YOUR ASSIGNMENT: Restate every entry verbatim; drop the pictures.

-------- MATERIAL FOR THE TASK

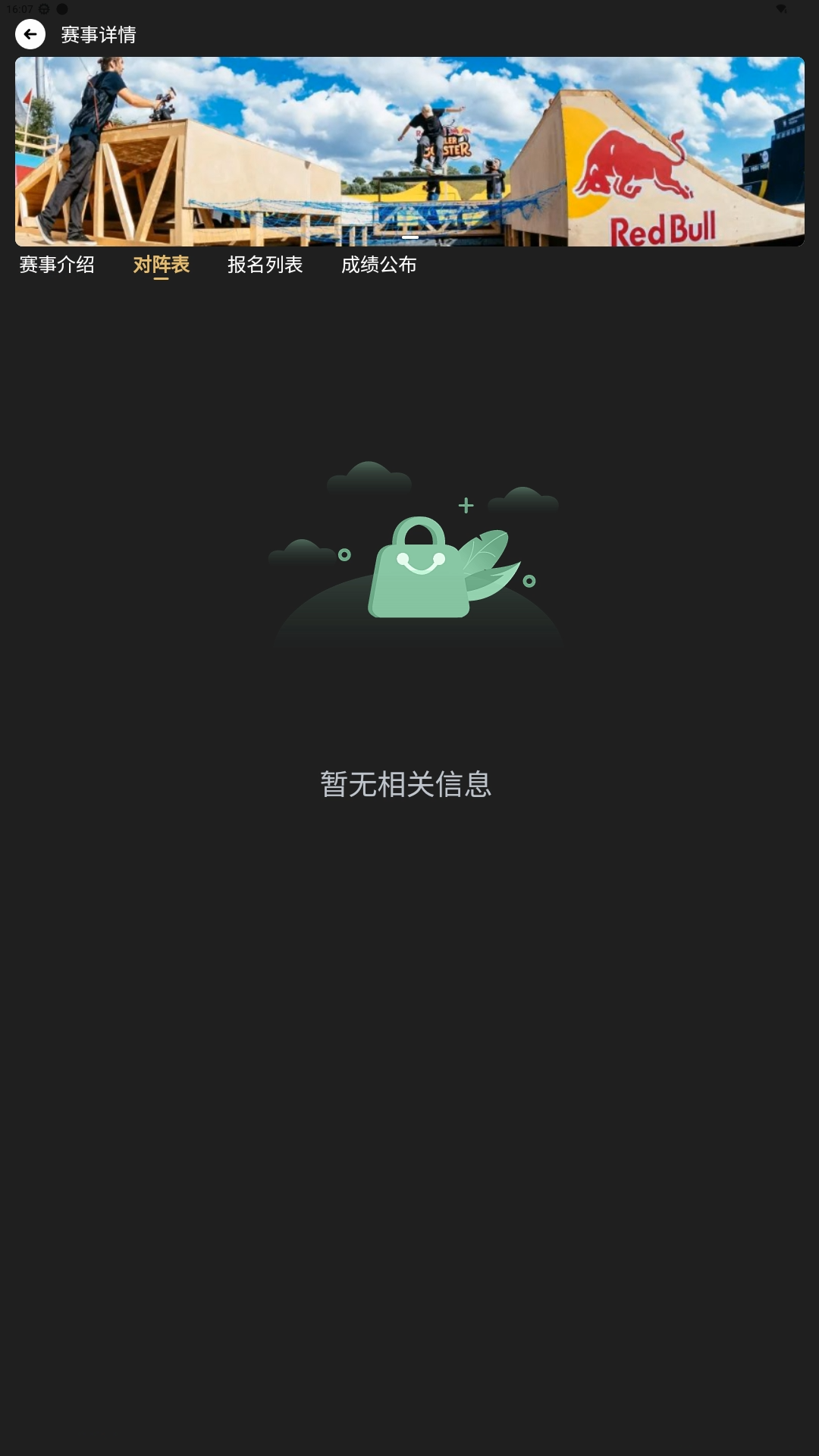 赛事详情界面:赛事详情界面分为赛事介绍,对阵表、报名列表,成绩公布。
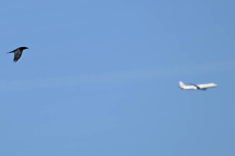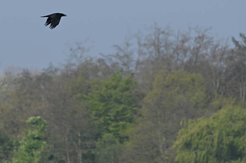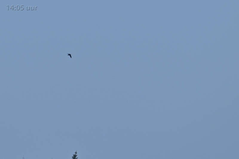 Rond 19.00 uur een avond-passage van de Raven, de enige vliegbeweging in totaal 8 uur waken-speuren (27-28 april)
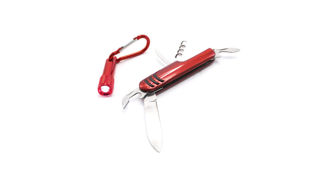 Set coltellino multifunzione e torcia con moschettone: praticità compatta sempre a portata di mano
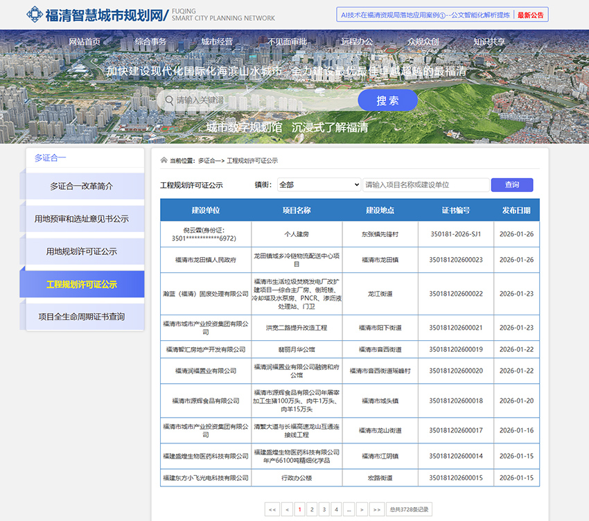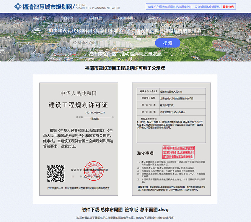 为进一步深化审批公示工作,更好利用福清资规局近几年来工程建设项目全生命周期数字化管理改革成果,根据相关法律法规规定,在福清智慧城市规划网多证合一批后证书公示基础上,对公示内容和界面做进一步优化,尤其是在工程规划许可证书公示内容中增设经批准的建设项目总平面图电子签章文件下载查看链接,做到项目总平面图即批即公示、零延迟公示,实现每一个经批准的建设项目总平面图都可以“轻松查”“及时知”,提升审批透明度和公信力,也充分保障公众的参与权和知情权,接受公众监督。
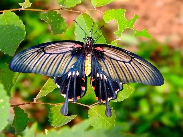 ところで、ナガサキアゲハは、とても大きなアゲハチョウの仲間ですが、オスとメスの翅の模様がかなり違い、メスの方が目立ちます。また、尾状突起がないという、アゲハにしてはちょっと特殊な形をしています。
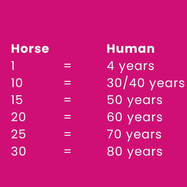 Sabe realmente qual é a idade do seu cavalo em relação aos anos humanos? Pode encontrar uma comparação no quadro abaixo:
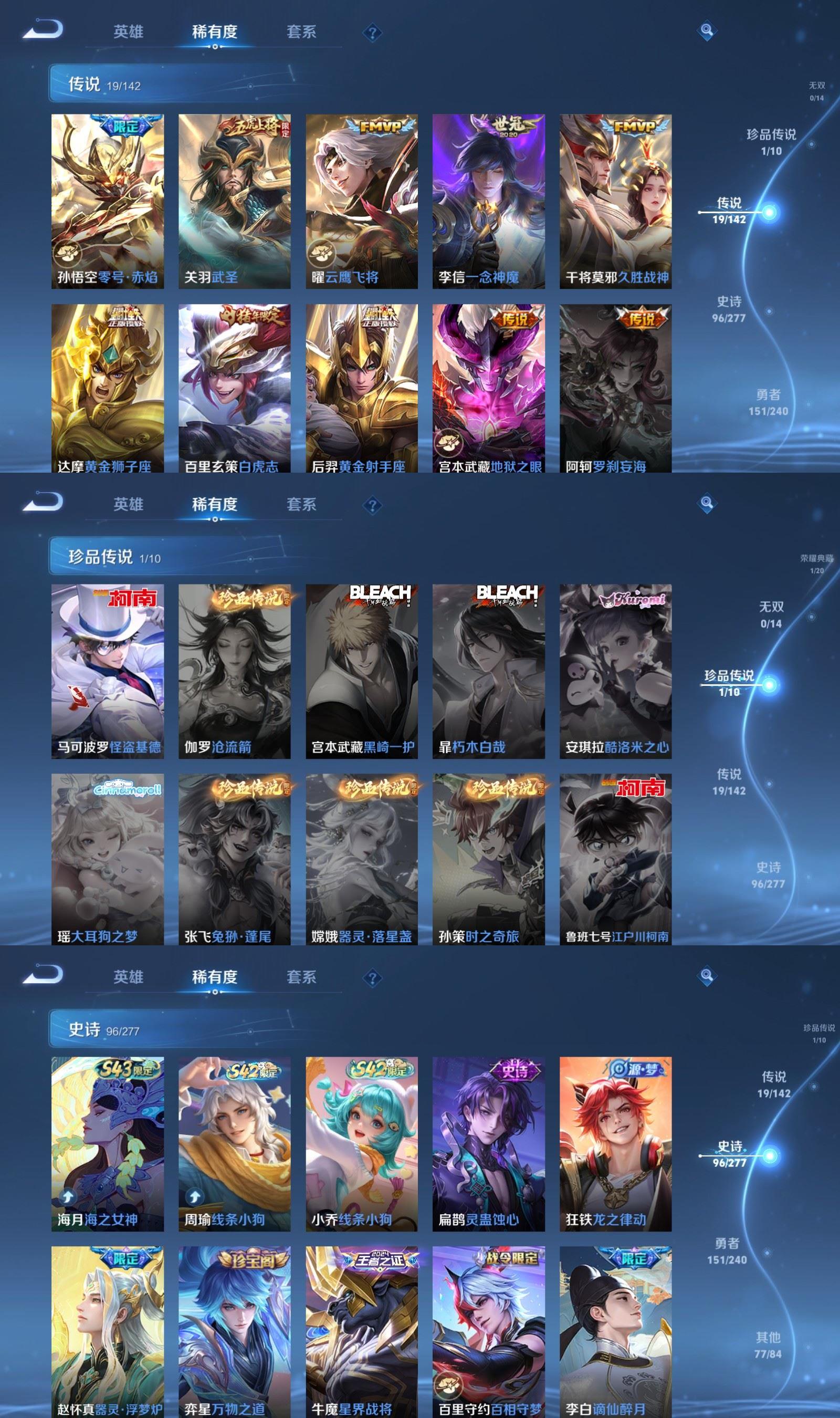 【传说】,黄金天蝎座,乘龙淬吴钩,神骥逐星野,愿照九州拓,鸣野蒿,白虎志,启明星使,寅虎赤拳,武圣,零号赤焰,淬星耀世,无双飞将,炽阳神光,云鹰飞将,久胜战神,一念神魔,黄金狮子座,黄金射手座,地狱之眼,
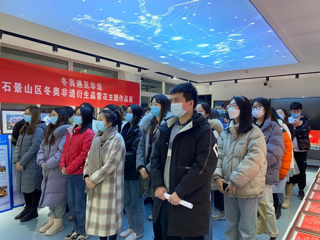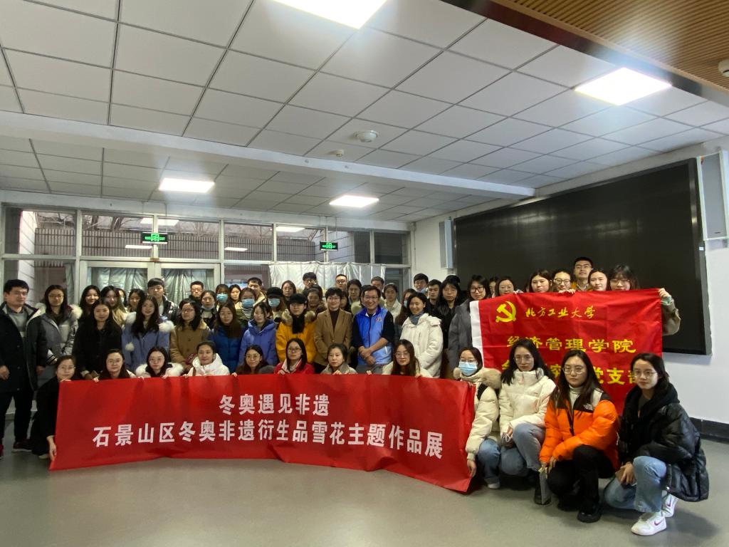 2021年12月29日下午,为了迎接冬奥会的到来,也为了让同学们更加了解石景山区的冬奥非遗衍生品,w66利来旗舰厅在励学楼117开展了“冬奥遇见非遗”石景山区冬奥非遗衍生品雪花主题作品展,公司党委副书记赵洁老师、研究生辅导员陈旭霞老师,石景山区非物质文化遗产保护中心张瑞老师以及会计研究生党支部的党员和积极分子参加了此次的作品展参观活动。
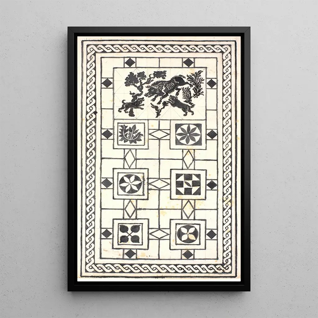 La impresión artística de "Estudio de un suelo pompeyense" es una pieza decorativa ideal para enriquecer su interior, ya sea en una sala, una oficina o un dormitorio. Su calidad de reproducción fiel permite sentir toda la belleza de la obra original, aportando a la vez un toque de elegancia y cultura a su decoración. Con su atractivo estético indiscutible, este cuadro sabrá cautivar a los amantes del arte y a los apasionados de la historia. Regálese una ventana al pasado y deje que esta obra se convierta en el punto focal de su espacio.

----------------

ANSWER BELOW:
 赛事详情界面:赛事详情界面分为赛事介绍,对阵表、报名列表,成绩公布。
 Rond 19.00 uur een avond-passage van de Raven, de enige vliegbeweging in totaal 8 uur waken-speuren (27-28 april)
 Set coltellino multifunzione e torcia con moschettone: praticità compatta sempre a portata di mano
 为进一步深化审批公示工作,更好利用福清资规局近几年来工程建设项目全生命周期数字化管理改革成果,根据相关法律法规规定,在福清智慧城市规划网多证合一批后证书公示基础上,对公示内容和界面做进一步优化,尤其是在工程规划许可证书公示内容中增设经批准的建设项目总平面图电子签章文件下载查看链接,做到项目总平面图即批即公示、零延迟公示,实现每一个经批准的建设项目总平面图都可以“轻松查”“及时知”,提升审批透明度和公信力,也充分保障公众的参与权和知情权,接受公众监督。
 ところで、ナガサキアゲハは、とても大きなアゲハチョウの仲間ですが、オスとメスの翅の模様がかなり違い、メスの方が目立ちます。また、尾状突起がないという、アゲハにしてはちょっと特殊な形をしています。
 Sabe realmente qual é a idade do seu cavalo em relação aos anos humanos? Pode encontrar uma comparação no quadro abaixo:
 【传说】,黄金天蝎座,乘龙淬吴钩,神骥逐星野,愿照九州拓,鸣野蒿,白虎志,启明星使,寅虎赤拳,武圣,零号赤焰,淬星耀世,无双飞将,炽阳神光,云鹰飞将,久胜战神,一念神魔,黄金狮子座,黄金射手座,地狱之眼,
 2021年12月29日下午,为了迎接冬奥会的到来,也为了让同学们更加了解石景山区的冬奥非遗衍生品,w66利来旗舰厅在励学楼117开展了“冬奥遇见非遗”石景山区冬奥非遗衍生品雪花主题作品展,公司党委副书记赵洁老师、研究生辅导员陈旭霞老师,石景山区非物质文化遗产保护中心张瑞老师以及会计研究生党支部的党员和积极分子参加了此次的作品展参观活动。
 La impresión artística de "Estudio de un suelo pompeyense" es una pieza decorativa ideal para enriquecer su interior, ya sea en una sala, una oficina o un dormitorio. Su calidad de reproducción fiel permite sentir toda la belleza de la obra original, aportando a la vez un toque de elegancia y cultura a su decoración. Con su atractivo estético indiscutible, este cuadro sabrá cautivar a los amantes del arte y a los apasionados de la historia. Regálese una ventana al pasado y deje que esta obra se convierta en el punto focal de su espacio.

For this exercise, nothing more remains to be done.